1 nn.L1Loss
torch.nn.L1Loss(reduction='mean')
It is MAE(mean absolute error), and the calculation formula is
$\ell(x, y)=L=\left\{l_{1}, \ldots, l_{N}\right\}^{\top}, \quad l_{n}=\left|x_{n}-y_{n}\right|$
$\ell(x, y)=\left\{\begin{array}{ll}\operatorname{mean}(L), & \text { if reduction }=\text { 'mean'; } \\\operatorname{sum}(L), & \text { if reduction }=\text { 'sum' }\end{array}\right.$
Example: element by element calculation
input = torch.arange(1,7.).view(2,3)
target = torch.arange(6).view(2,3)
print(input)
print(target)
"""
tensor([[1., 2., 3.],
[4., 5., 6.]])
tensor([[0, 1, 2],
[3, 4, 5]])
"""
loss = nn.L1Loss(reduction='sum')
output = loss(input, target)
print(output)
"""
tensor(6.)
"""
loss = nn.L1Loss(reduction='mean')
output = loss(input, target)
print(output)
"""
tensor(1.)
"""
2 nn.MSELoss
torch.nn.MSELoss(reduction='mean')
As its name suggests, mean squared error, i.e. L2 regular term, is calculated as
$\ell(x, y)=\left\{\begin{array}{ll}\operatorname{mean}(L), & \text { if reduction }=\text { 'mean'; } \\\operatorname{sum}(L), & \text { if reduction }=\text { 'sum' }\end{array}\right.$
$\ell(x, y)=L=\left\{l_{1}, \ldots, l_{N}\right\}^{\top}, \quad l_{n}=\left(x_{n}-y_{n}\right)^{2}$
There are two modes: mean and sum, which are controlled by reduction.
Example: element by element calculation
loss = nn.MSELoss(reduction="mean")
output = loss(input, target)
print(output)
"""
tensor(1.)
"""
loss = nn.MSELoss(reduction="sum")
output = loss(input, target)
print(output)
"""
tensor(6.)
"""
It can be seen from the above experiments
$l_{n}=\left(x_{n}-y_{n}\right)^{2}$
Is calculated element by element.
3 nn.SmoothL1Loss
torch.nn.SmoothL1Loss(reduction='mean', beta=1.0)
It smoothes L1 a little and is less sensitive to outlier s than mselos.

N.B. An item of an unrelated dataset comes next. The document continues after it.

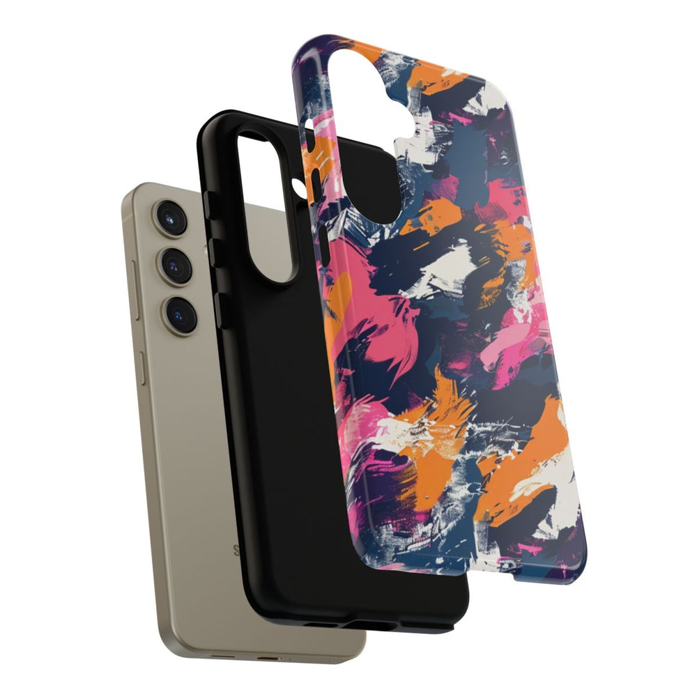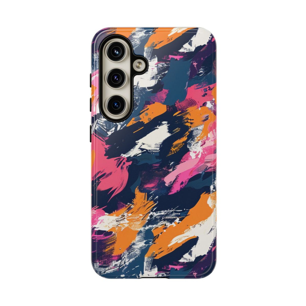 Dit telefoonhoesje is voorzien van een levendig abstract patroon met dynamische penseelstrepen in oranje, roze, wit, donkerblauw en paars. De energieke compositie zorgt voor een speelse en artistieke uitstraling die het gehele oppervlak bedekt. Het hoesje heeft een glanzende afwerking en is extra stevig dankzij de dubbele laag: een buitenkant van polycarbonaat en een binnenzijde van TPU voor optimale bescherming. Geschikt voor draadloos opladen en bestand tegen invloeden van buitenaf, terwijl de heldere uitstraling langdurig behouden blijft.

$\ell(x, y)=L=\left\{l_{1}, \ldots, l_{N}\right\}^{T}$
$l_{n}=\left\{\begin{array}{ll}0.5\left(x_{n}-y_{n}\right)^{2} / \text { beta }, & \text { if }\left|x_{n}-y_{n}\right|<\text { beta } \\\left|x_{n}-y_{n}\right|-0.5 * \text { beta }, & \text { otherwise }\end{array}\right.$
Used in fast RCNN to avoid gradient explosion.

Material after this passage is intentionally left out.